Stacked characters: ç̰̀́̂

The example above shows the letter C with several combining characters, and as we can see they stack up quite nicely. This is the basis for an Internet meme of the early 2000s called Zalgo text1. We can take this to the next level with a "winamp style" analyzer bar, but fully in (zalgo) text for an extra metal look and feel. 🤘 🤘

----------------------------------------------------------------

The reality is that this was really an excuse to play around with the Web Audio API2 and some modern React (I hadn't touched front-end development in a while), and there were a few learnings in the process.

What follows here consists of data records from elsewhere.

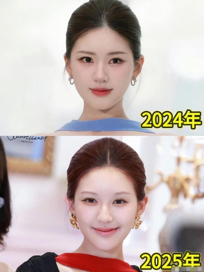 原来的赵露思是一张圆圆的脸,五官不够立体,但胜在清纯可爱,但现在的她高鼻梁大眼睛尖下巴欧式双眼皮,虽然五官精致了,但跟以前的她判若两人,看着比她实际年龄大,气质也变得更加成熟淡定和明艳张扬。
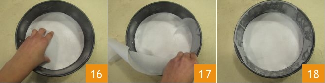 and place the wafer sheet on the bottom 16. Then cut a strip of parchment paper, to the thickness of the mold and the same length as the circumference: use it to line the entire circumference of the mold (17-18).
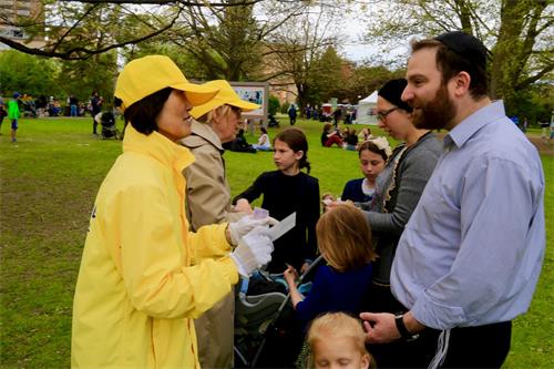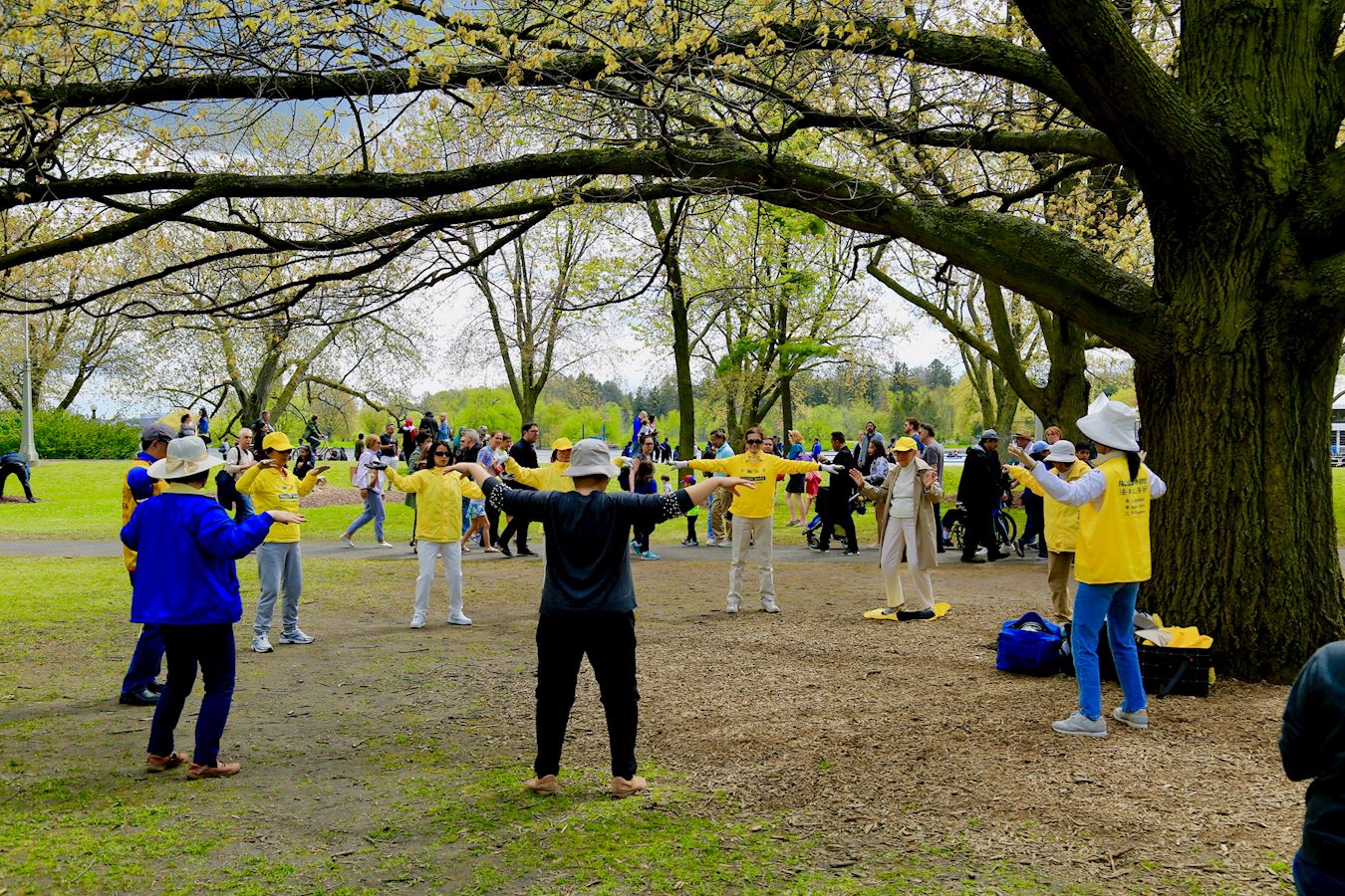 ![]() 图5:渥太华法轮功学员郁金香节弘法,并现场教功。 |

Implementation and technicalities

From an implementation perspective the first challenge was to understand what the Web Audio API offers in terms of digital signal processing and how to use it. The documentation is excellent and gist of it is that audio operations happen in an Audio Context that represents an audio processing graph built from several AudioNodes linked together in such a way that the output of one node serves as the input for the next. Because I wanted to extract the frequency domain from the audio signal in order to render it on screen, I used an AnalyzerNode3, which doesn't modify the audio but returns data about the frequency domain using a trusty old FFT4.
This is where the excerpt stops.